The Philippine economy’s reliance on remittances from overseas Filipino workers is often seen as a vulnerability and a path by which turbulence in foreign markets can reach local shores. Those fears recently came to the fore after the growth of remittances slowed in 2014 and news reports appeared in the summer of 2015 suggesting remittances were in peril. Economists say the worries are overblown, however. Remittances have proved resilient over the years, growing even during the 2008-09 global financial crisis. However, there is no doubt that the rate of expansion has slowed, and a return to the rapid growth that prevailed before 2009 is considered unlikely.

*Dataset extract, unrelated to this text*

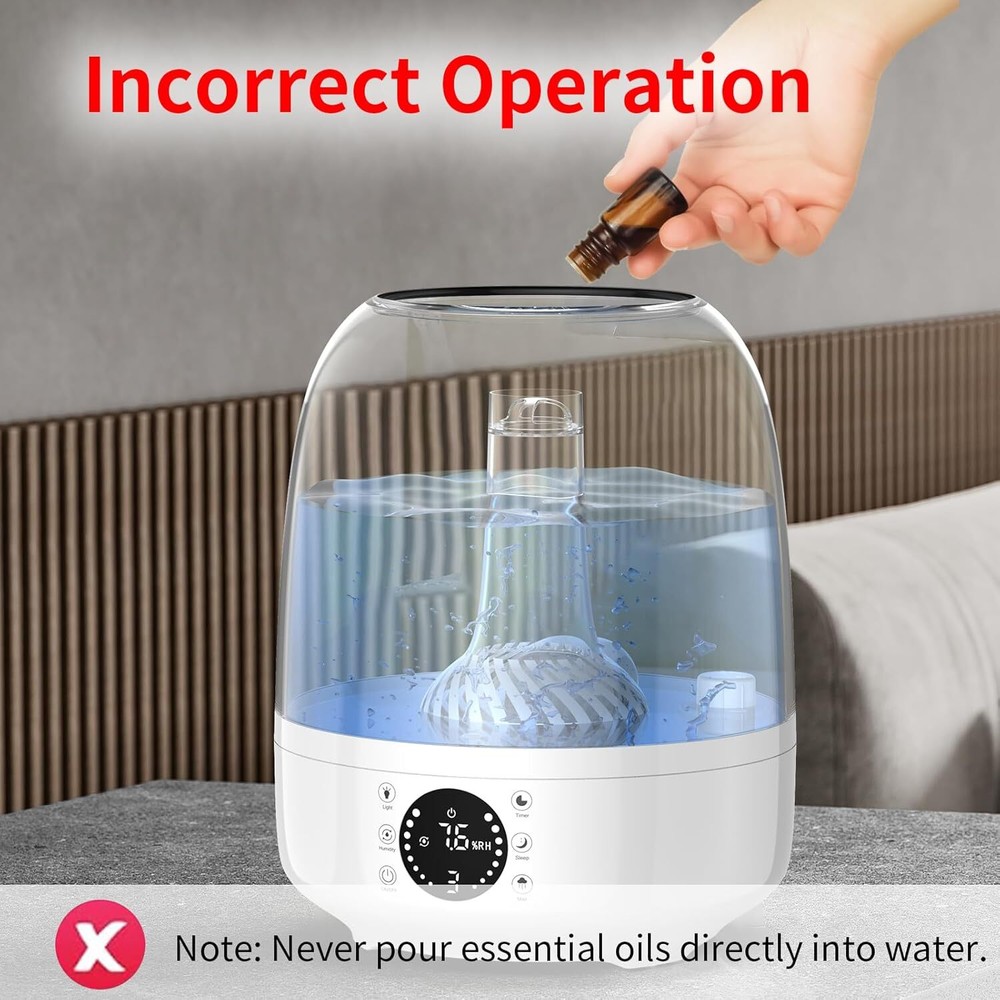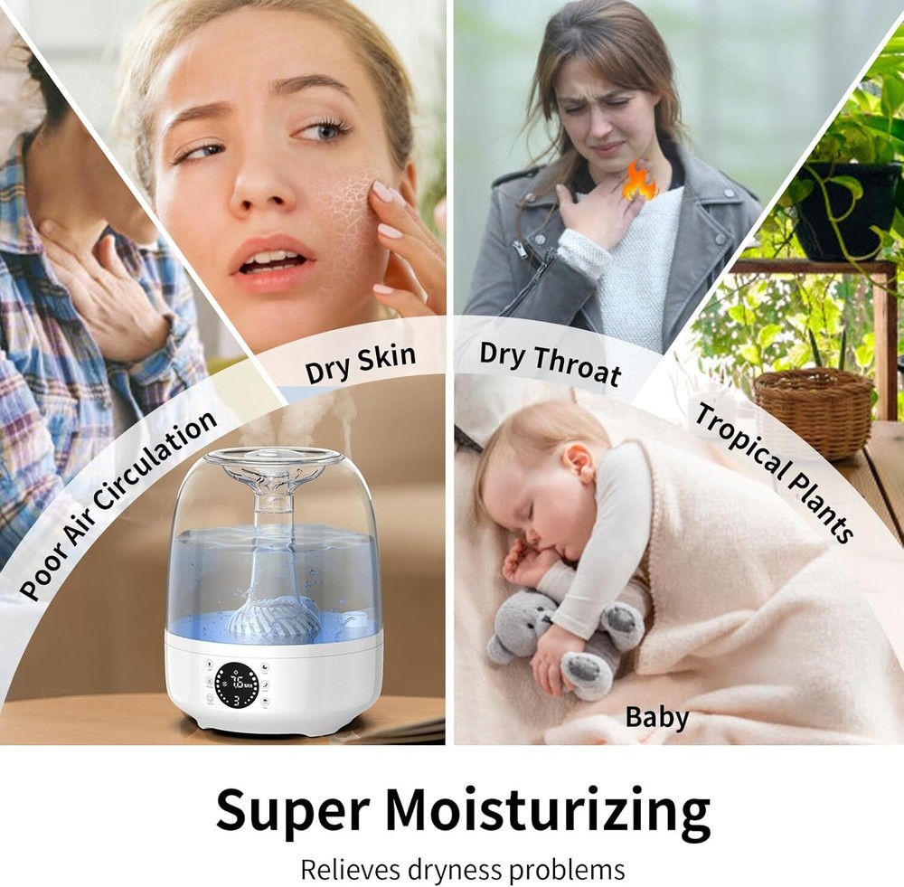 Product Description Humidifier for Bedroom, 4L Top Fill Supersized Cool Mist Humidifier, Quiet Air Humidifier With LCD Display, Lasts Up to 35 Hours, Auto Shut-Off,3 Colors Light, Large Room, Baby Nursery Plants 4L Smart & Large Continuous Comfort: Enjoy quiet sleep without congestion, coughing, or dry mouth, Kazazoo's ultrasonic atomization brings noise down to 28dB, With a spacious 4L/1.32Gallon water tank, you don't need to add water frequently, allowing you to enjoy up to 35 hours humidity in 320 ft² / 30 m² room.3 types of humidity control: auto mode, constant humidity & 3 speed levels (Hi/Med./Low) deliver the desired air quality in your room or office. IMPROVED COMFORT, HEALRHY LIFE: Adopt Ultrasonic humidification technology to quickly increase the humidity and improve indoor environment, keeps skin moisturized, relieves dry cough and other discomfort symptoms, so that you can enjoy a healthy and comfortable life. Top fill & Easy to clean: The top filling design with a wide opening allows you to pour water directly into the water tank without removing it from the device (use distilled water only!). Maintain this desk humidifier fast and easy. To clean the reservoir more carefully, simply lift it up from the base. Its top fill and leakproof construction ensures reliable operation for years Cold & Discomfort relief / timely support: Hydrate your body with the right amount of moisture in the air to have a healthy sleep, relieve itchiness, discomfort and cold symptoms with our air humidifier. In case you have questions about this device, contact our support team for more details. At Kazazoo, you always have our back if any issues occur. Keep optimal humidity in the room and stay sound with the functional humidifier by Kazazoo 【Premium after-sale service Don't fill oils in humidifier 】: This plant humidifier indoor is made of advanced eco-friendly materials. Comes with an AC power adapter, user manual, and 24-hour prompt response. Our customer support team is here to ensure your satisfaction! Feel free to try our humidifiers! Don't fill oils in humidifier About Us We are a reputable seller with many years of experience selling on eBay. Our goal is to provide high-quality products and excellent customer service. Shipping Items will be shipped within 1-3 business days when we received payment. (Orders are not processed on weekends & holidays) Tracking information will be sent once item is shipped. Delivery time depends on destination and other factors Item is shipped to ebay address. Leaving correct address can minimize delay. For international shipping and shipping to Guam, Hawaii and Alaska, Please contact us before placing the order. International buyers please note: Import duties, taxes and charges are not included in the item price or shipping charges. These charges are buyer’s responsibility. We will try our best to reduce the risk of the custom duties. Local pick-up is unavailable at the moment. Contact Us We reply any email messages within 1 business / working days(off-duty at weekend). If you do not get a response from us, then please check your junk or spam mailbox. Our Business hours: Mon-Fri 9:00-18:00, UTC/GMT +8 hours. Please contact us either by clicking "contact seller" in the "purchase history" section or simply click "ask a question" at the bottom of this page. If you are unsatisfied with our item or service, please contact us before leaving any feedback. We are committed to resolve all issues in a friendly and satisfactory manner.

Cash remittances grew at an average rate of 16% a year between 1989 and 2008, according to Bangko Sentral ng Pilipinas (BSP). The overseas worker tradition began in the 1960s as a plan to earn hard currency by sending nurses to the US, and grew in the 1970s into construction work in Gulf countries and seafaring. Millions of Filipinos have settled abroad, and many of them continue to send money to relatives in the Philippines. The Commission on Filipinos Overseas (CFO) estimated that there were 10.24m Filipinos living or working abroad at the end of 2013, according to the latest figures available. The US has the largest permanent Filipino community, with 3.5m, while the Gulf has the most migrant workers, at 2.4m.
The BSP’s count of cash remittances came to $24.6bn in 2014, equal to 12% of the Philippines’ household consumption and 8.6% of GDP. Total remittances came to $27bn, including “in kind” wages and transfers. In 2015 cash remittances and wage payments from abroad totalled $25.8bn.
Bernardo Villegas, an economist who chairs the Centre for Research and Communication at the University of Asia and the Pacific, told OBG he believes $2bn-3bn of remittances are uncounted. President Benigno Aquino III recently ordered the Bureau of Customs to limit random inspections of repatriate boxes sent home by overseas workers after complaints that items were being stolen or damaged. The growth rate of remittances averaged 6.8% a year between 2009 and 2014, but year-on-year growth in the first seven months of 2015 came to 4.8%. The slowdown is largely due to the fact that high growth rates are harder to achieve from a higher base.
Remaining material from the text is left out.